Peradangan Sementara dan Aktivasi Imun Ringan
Nyeri perut yang bersifat episodik juga bisa disebabkan oleh peradangan ringan atau lokal yang muncul dan menghilang secara alami. Senyawa sitokin inflamasi seperti TNF-alpha dan interleukin-6 dapat meningkat akibat reaksi terhadap makanan, ketidakseimbangan mikroba usus, atau infeksi virus ringan. Meski infeksinya sudah sembuh, sistem kekebalan tubuh bisa tetap aktif dalam level rendah dan menyebabkan gejala nyeri berulang. Kondisi ini dikenal sebagai gangguan gastrointestinal fungsional pasca-infeksi (post-infectious FGID).
Fluktuasi Mikrobiota Usus dan Nyeri yang Tak Terduga
Penelitian terkini menunjukkan bahwa perubahan komposisi mikrobiota usus juga dapat menyebabkan rasa tidak nyaman pada perut yang timbul dan hilang. Pada usus yang mengalami disbiosis, ketidakseimbangan bakteri baik dan jahat, produksi gas, perubahan pH, dan senyawa mikroba bisa berubah dari hari ke hari. Hal ini menyebabkan nyeri perut yang tidak konsisten. Sebuah uji klinis menemukan bahwa fluktuasi bakteri seperti Prevotella dan Bacteroides berhubungan langsung dengan intensitas dan waktu timbulnya rasa sakit pada penderita gangguan saluran cerna fungsional. Terapi dengan prebiotik dan transplantasi mikrobiota kini mulai dikembangkan untuk menstabilkan kondisi ini.

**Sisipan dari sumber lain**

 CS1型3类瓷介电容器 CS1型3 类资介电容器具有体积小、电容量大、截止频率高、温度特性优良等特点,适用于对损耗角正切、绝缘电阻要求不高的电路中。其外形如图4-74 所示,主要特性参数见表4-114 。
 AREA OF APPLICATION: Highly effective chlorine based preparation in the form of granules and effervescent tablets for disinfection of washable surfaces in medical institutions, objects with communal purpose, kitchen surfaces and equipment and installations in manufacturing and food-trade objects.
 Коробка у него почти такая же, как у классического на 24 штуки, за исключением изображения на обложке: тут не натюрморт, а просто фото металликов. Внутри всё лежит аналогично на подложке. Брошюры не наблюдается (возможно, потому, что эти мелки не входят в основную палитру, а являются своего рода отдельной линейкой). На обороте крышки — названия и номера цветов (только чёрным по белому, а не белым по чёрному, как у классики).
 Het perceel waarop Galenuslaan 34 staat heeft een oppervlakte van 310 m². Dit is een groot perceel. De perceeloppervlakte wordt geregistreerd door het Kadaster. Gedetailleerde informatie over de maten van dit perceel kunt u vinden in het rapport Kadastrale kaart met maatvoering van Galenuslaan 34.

Peran Stres dan Sistem Saraf dalam Memicu Nyeri
Stres emosional tidak hanya memperburuk persepsi terhadap rasa sakit, namun bisa secara biologis memicunya. Hormon seperti kortisol dan katekolamin bisa mengubah permeabilitas usus, respons imun, dan nada otot pencernaan dalam waktu singkat. Perubahan ini bersifat sementara, sehingga rasa sakit pun menjadi tidak konsisten. Seorang ahli neurogastroenterologi, Dr. Elias Marinos, menjelaskan bahwa pasien kerap mengeluhkan nyeri perut yang muncul setelah mengalami tekanan emosional, meskipun fungsi pencernaannya tampak normal.

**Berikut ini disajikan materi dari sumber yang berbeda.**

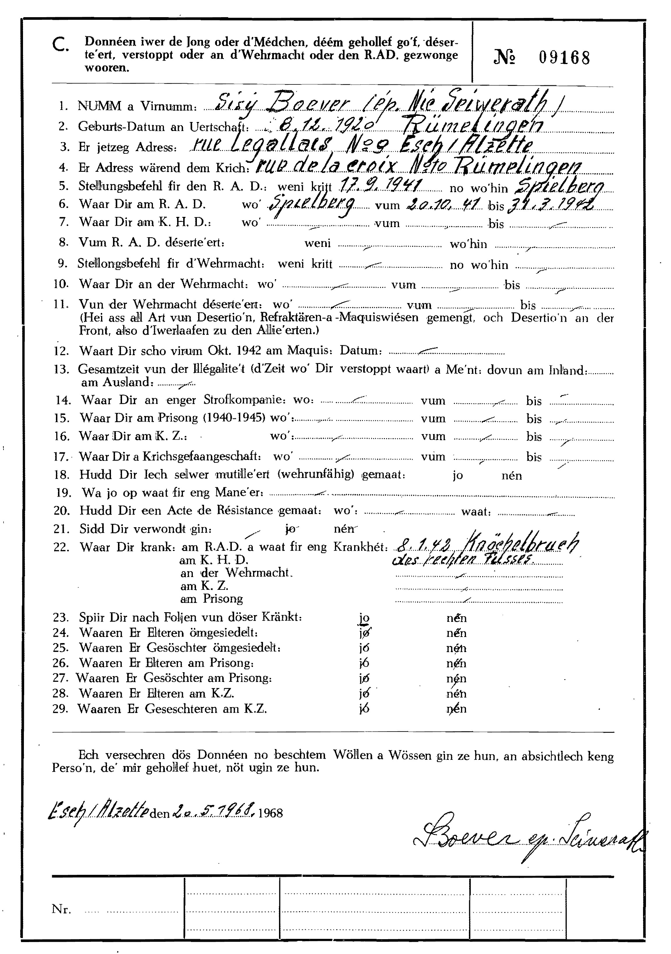 SEIWERATH epouse de BOEVER Sisy 08121920 Rumelingen 1.jpg Télécharger le document 2.jpg Télécharger le document 3.jpg Télécharger le document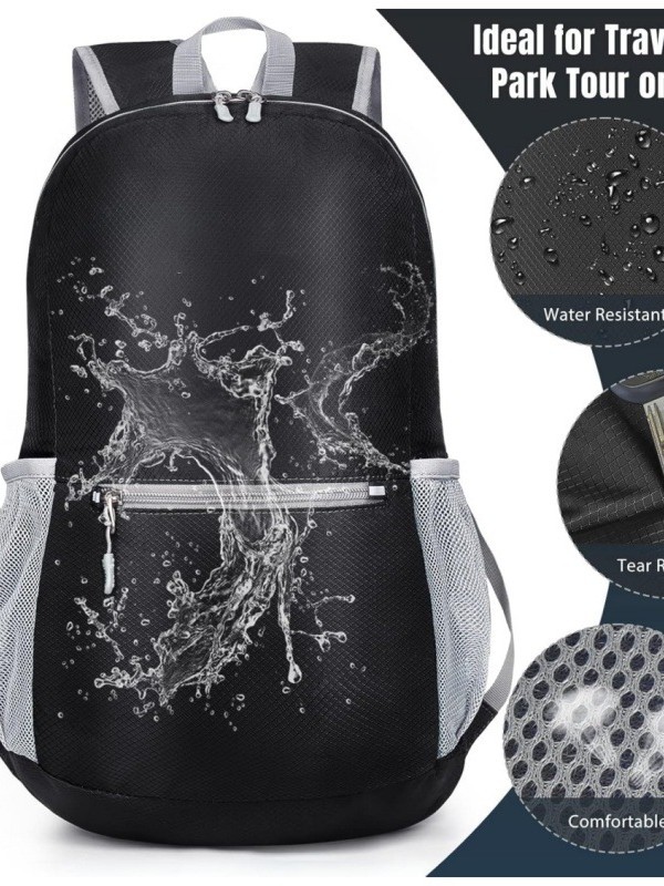 Explore the outdoors with ease using the Ultra-Light Foldable Outdoor Backpack. Weighing only 0.22 kg (0.49 lb), this backpack is designed for maximum portability, folding down to a compact 6.7 inches x 6.7 inches (17 cm x 17 cm) when not in use. When unfolded, its dimensions of 17.7 inches x 10.6 inches x 5.5 inches (45 cm x 27 cm x 14 cm) provide ample space for your essentials. Crafted from durable black fabric, it features mesh side pockets for convenient storage of water bottles or small items. Perfect for travel, hiking, and outdoor sports, this backpack combines functionality with a sleek, minimalist design.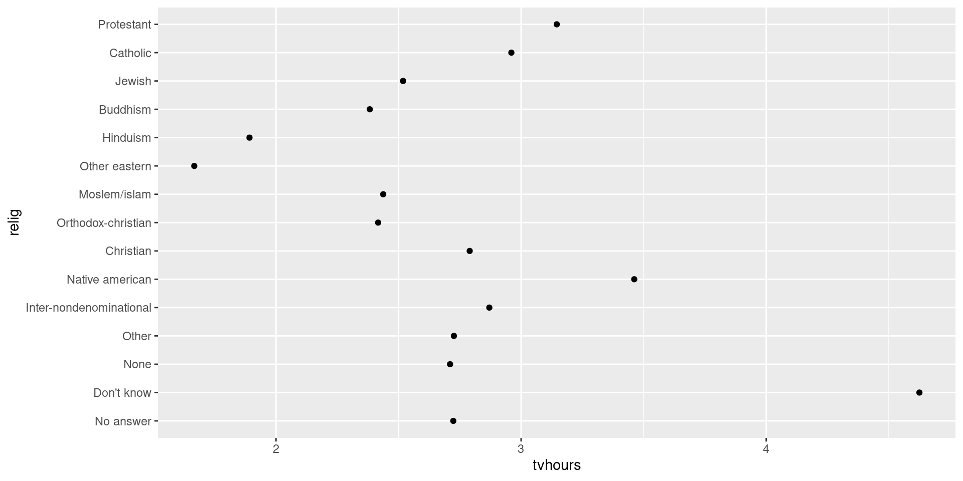 geom_point()ggplot(relig_summary, aes(x = tvhours, y = fct_reorder(relig, tvhours))) +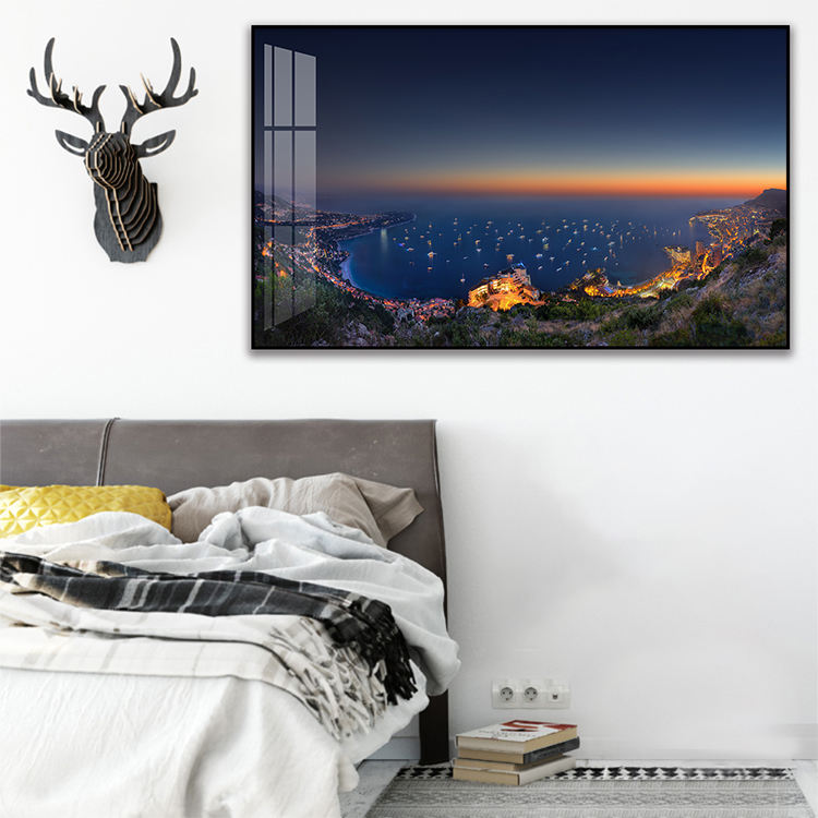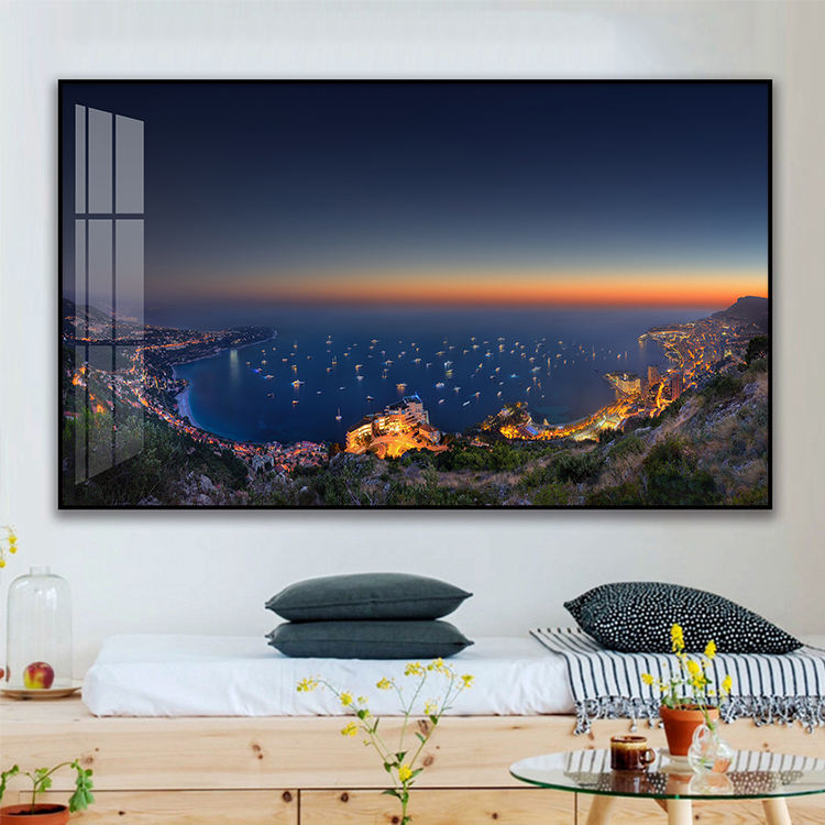 Crystal Porcelain Painting Landscape a Night View of Monaco Wall Art Frame for Bedroom Decoration Print Poster Home

Obat-obatan dan Makanan Tertentu Sebagai Pemicu Sesekali
Beberapa obat seperti obat antiinflamasi nonsteroid (NSAID), suplemen zat besi, atau antibiotik dapat mengiritasi mukosa lambung atau mengganggu keseimbangan mikroba usus secara sementara. Hal ini memicu nyeri perut yang tidak selalu terjadi setiap hari. Selain itu, makanan tinggi FODMAP, kafein, dan pemanis buatan bisa memicu gejala hanya pada kondisi tertentu, tergantung sensitivitas individu dan metabolisme tubuh saat itu.
Kapan Harus Waspada? Ini Tanda Bahayanya
Tidak semua nyeri perut yang muncul dan menghilang bersifat ringan. Gejala seperti penurunan berat badan tanpa sebab, nyeri yang membangunkan tidur di malam hari, mual berkepanjangan, atau riwayat keluarga dengan penyakit serius harus segera dievaluasi oleh tenaga medis. Meskipun banyak kasus tergolong fungsional, pemeriksaan lebih lanjut seperti endoskopi, tes tinja, atau pencitraan bisa dibutuhkan untuk menyingkirkan kemungkinan penyakit serius.
Nyeri perut yang datang dan pergi bukanlah hal yang sepenuhnya acak. Gejala ini mencerminkan interaksi kompleks antara ritme usus, perubahan mikrobioma, sistem kekebalan tubuh, dan kondisi psikologis. Pendekatan medis yang sistematis dan berbasis bukti sangat penting agar pasien tidak salah didiagnosis dan terhindar dari pemeriksaan yang tidak perlu. Dengan memahami sifat episodik dari nyeri ini, pengobatan dapat lebih tepat sasaran dan disesuaikan dengan kondisi masing-masing individu.